All told the crew was made up of 10 guild members. All of them were men, Dean being the youngest, and the title of oldest being split between three men who looked old enough to have seen Hemmark's founding as a village outpost. When he had first been told about the crew in their initial briefing, he was surprised to find out that the captain was somewhere in the middle of the crew's age range. His face was far stormier, and his hair was thinning, but Dean was sure that Mikkel was no older than Orin had been. At first this similarity, small as it was, was distracting, almost as distracting as the excitement that had been coursing through his body when Martin brought him the bright news that his application had been reconsidered and he was now admitted into the crew. But, like that excitement, his distraction with Mikkel's similarities to Orin fizzled out over time. Observing him on the train ride out of Hemmark, Dean hadn't seen him laugh or smile once. And the few words he did say had been unadorned and to the point. Unlike the rest of the crew, most of whom seemed closer to Eloise's age. Dean remembered seeing their faces around the mess before, but had never learned their names. Even now, after spending hours with them on the train, he was uncertain of what most of them called themselves.

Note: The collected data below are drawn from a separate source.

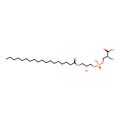| CCSBASE_2B3FC158FA | LPS(18:0) | [M+H]+ | 526.3145 | 228.3 | CCCCCCCCCCCCCCCCCC(=O)OC[C@H](COP(=O)(O)OC[C@@H](C(=O)O)N)O | Lipids and lipid-like molecules | 1 | 9 | DT | single field, calibrated with Agilent tune mix (Agilent) | |
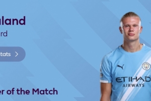 打入制勝球!英超官方:哈蘭德當選曼城1-0伯恩利全場最佳球員
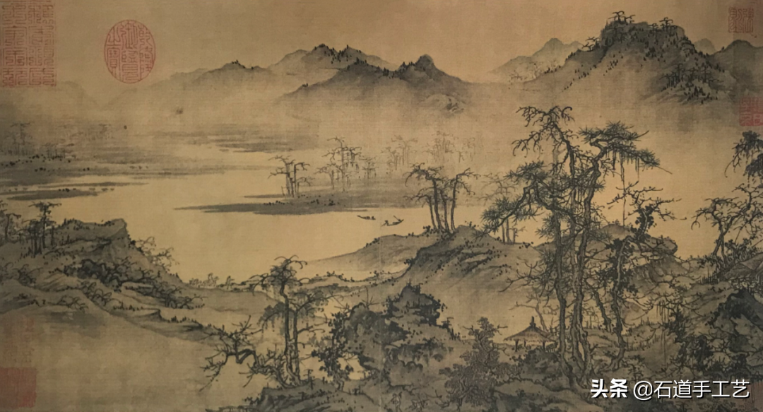 马远,南宋光宗、宁宗朝画院画家。这幅自然人间浑然一体,堂内侍宴,阶下执灯起舞,屋外丛梅、远山呈现于苍茫夜幕之中。中国水墨画写实在此得到深化,表现自然诗情画意。是南宋时代的代表。
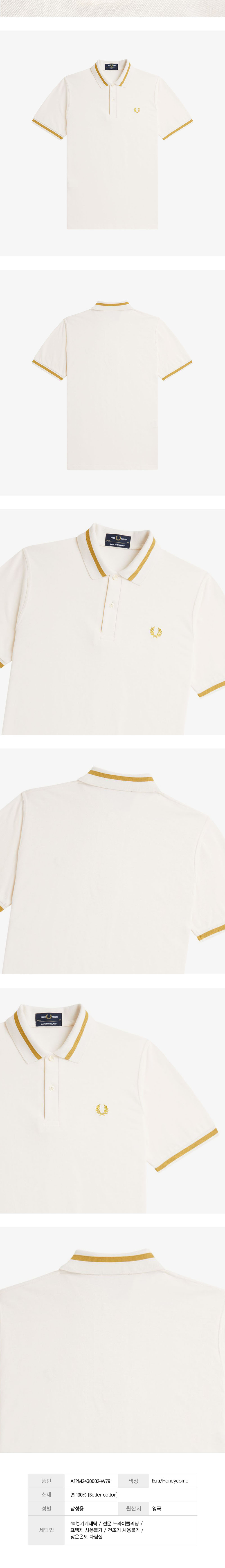 프레드페리 M2 싱글 팁 프레드페리 셔츠 에크루/허니콤

As the last crew member climbed onto the wagon Mikkel signaled to the driver. Dean also saw him pass the man a coin. Its glint in the full sun was unmistakable. Dean had wished that Mikkel had followed his advice and hired a covered wagon of which Dean saw one or two huddled against nearby buildings, but was grateful for the cushion the hay provided. Sitting around all winter, it had become. It was a welcome reprieve from the oppressively stiff seats on the train. Dean had wondered why so many people had brought pillows with them before they boarded in Hemmark. Now, hours later and miles away he knew why he had assumed before that he and Flynn had just been in the cheapest part of the train. Why treat a criminal to the finder things? But as it turned out most of the train was the cheapest part of it.